– А вы, значит, человек-вопрос? – спросил ты сердито.
Он засмеялся.
– Можно сказать и так… Ну так как?
– Я не встречался с ней в лифте, – сдержанно ответил ты.
– Вот как? А где же?
– В церкви.
– Не может быть! – обрадованно воскликнул Космачев.
Ты замолчал, вспомнив вдруг Слепецкого, который выпытал у тебя про кровь в лифте, а потом написал донос. Космачев ни в чем не был похож на Слепецкого, но было в них что-то неуловимо общее – во взгляде, жестах, интонации – предательское… (Ты об этом думал однажды: одно из самых презираемых в русском языке понятий – предатель – имеет совершенно невинную грамматическую основу: предающий, передающий – кому-то что-то или кого-то куда-то. Вопрос – зачем, для чего он это делает и куда передает.)
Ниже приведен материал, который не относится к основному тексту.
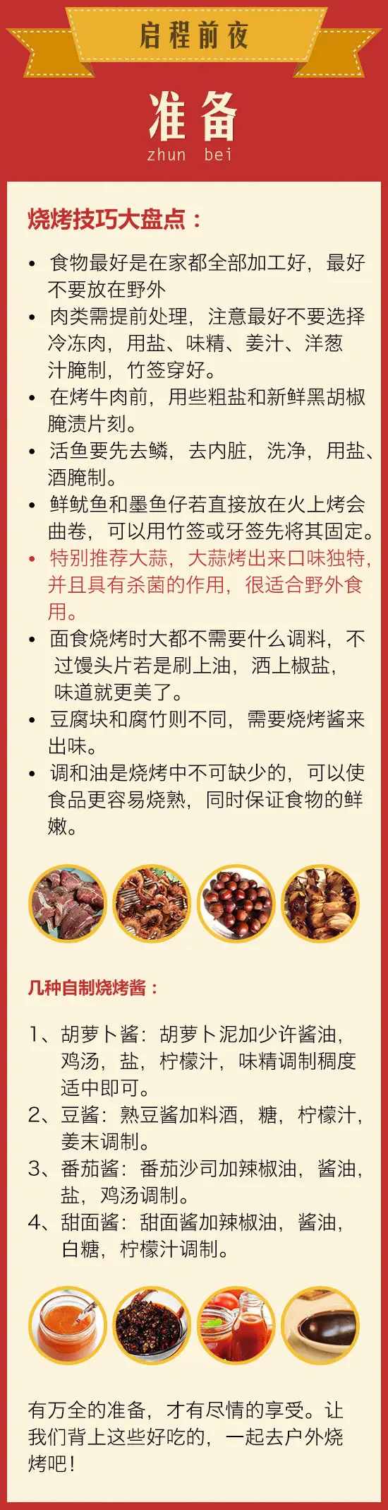 别急,今天奉上一份「史上最强户外烧烤准备清单」!来一次户外烧烤是不是听起来超赞??!想到那“滋滋”冒油、焦香扑鼻、入口即化的烤肉,小伙伴儿你怎么可能还hold得住?
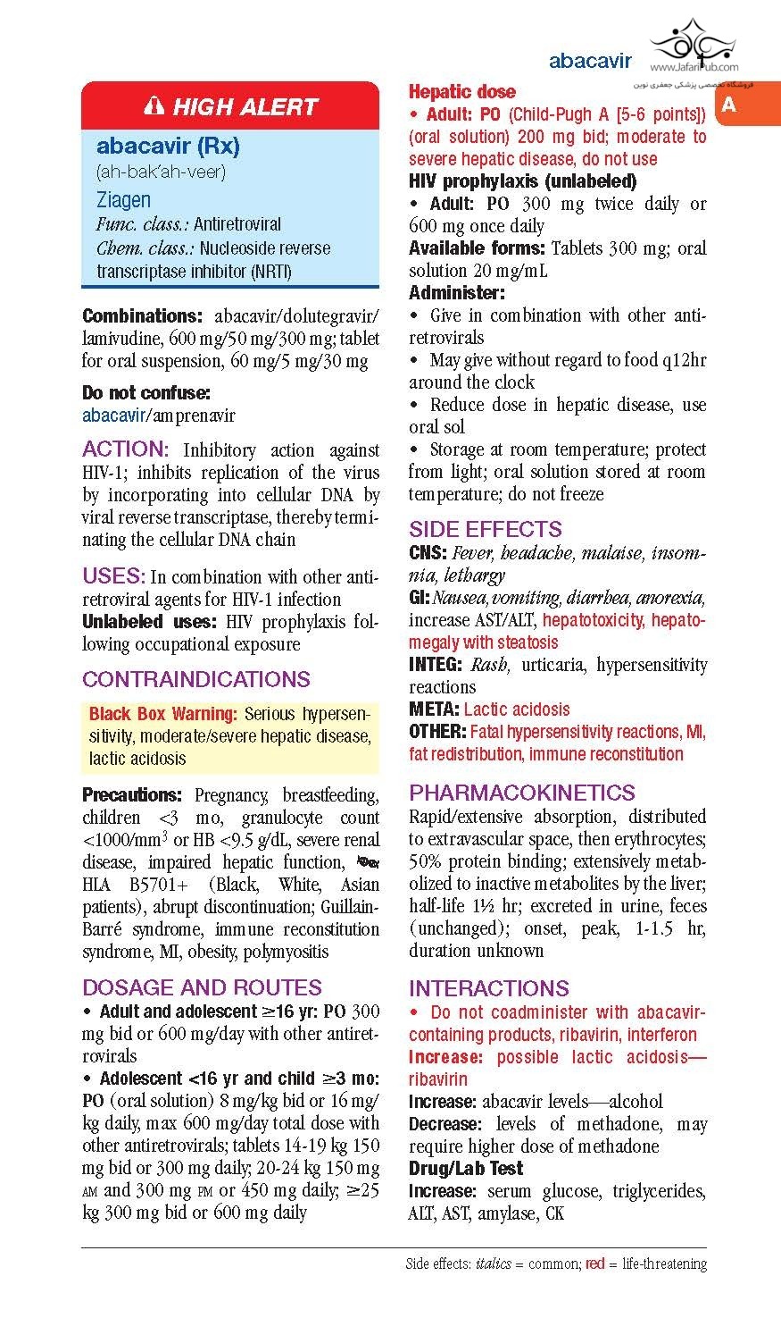 - Alphabetical organization by generic name provides quick and easy access to specific drugs, with both trade and generic names listed in the index
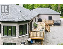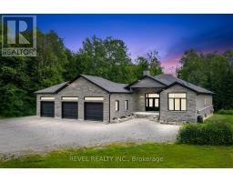 Welcome to 48 Private Acres of Custom Luxury Living. Experience the perfect blend of modern design and country tranquility in this stunning, newly built 5-bedroom, 3-bath custom home set on 48 spectacular acres just steps from Balsam Lake and the shops and restaurants of Fenelon Falls. Step through the front door and be greeted by soaring vaulted ceilings, a dramatic floor-to-ceiling stone fireplace, and expansive picture windows framing serene forest views. Open-concept kitchen, living, and breakfast area is an entertainers dream, featuring floor-to-ceiling cabinetry, a grand quartz island, double built-in stainless-steel fridge/freezer, and a walk-in pantry. A walkout leads to a spacious deck with a hot tub, creating seamless indoor/outdoor living. The generous primary suite offers a peaceful escape with a walkout to the deck, spa-style ensuite with glass shower and double vanity, and a walk-in closet. Two additional bright bedrooms on the main floor each offer picturesque views. Fully Finished Lower Level. The light-filled lower level is designed for comfort and versatility, boasting two more bedrooms, a full bath, a cold cellar, and a bonus recreation/man-cave area with a propane/wood-fired furnace. A convenient walk-up leads directly to the immaculate three-car garage. This property offers endless possibilities: enjoy the private pond, explore the expansive acreage, or make use of outbuildings for hobbies, storage, or future projects. A large mudroom/laundry area provides inside access to the garage with space for a potential extra bath. Acres of ultimate privacy and natural beauty Steps to Balsam Lake and charming Fenelon Falls Ideal for family living, entertaining, or creating your dream country estate. This extraordinary property is the perfect combination of craftsmanship, comfort, and convenience. Dont miss your chance to experience the pride of ownership and exceptional finishes a must see to fully appreciate. (id:50886)

Слепецкий передал информацию о тебе оперативникам, предав тем самым из рук ангажированного следствия в руки неправедного суда, но что, кого, куда мог передать этот человек? Все свое ты уже получил – с верхом, с лихвой, на десятерых хватит…
Думая так, ты смотрел на Космачева, преодолевая внутреннюю к нему неприязнь, смущенно вспоминая свое внезапное ночное пробуждение, ударившую в голову страшную мысль-долженствование, не понимая, почему она появилась… Однако тебе не хотелось удовлетворять любопытство этого неприятного человека, ты не собирался ничего больше рассказывать.
Несомненно почувствовав такое твое к себе отношение, Космачев засмеялся мелко и замахал руками.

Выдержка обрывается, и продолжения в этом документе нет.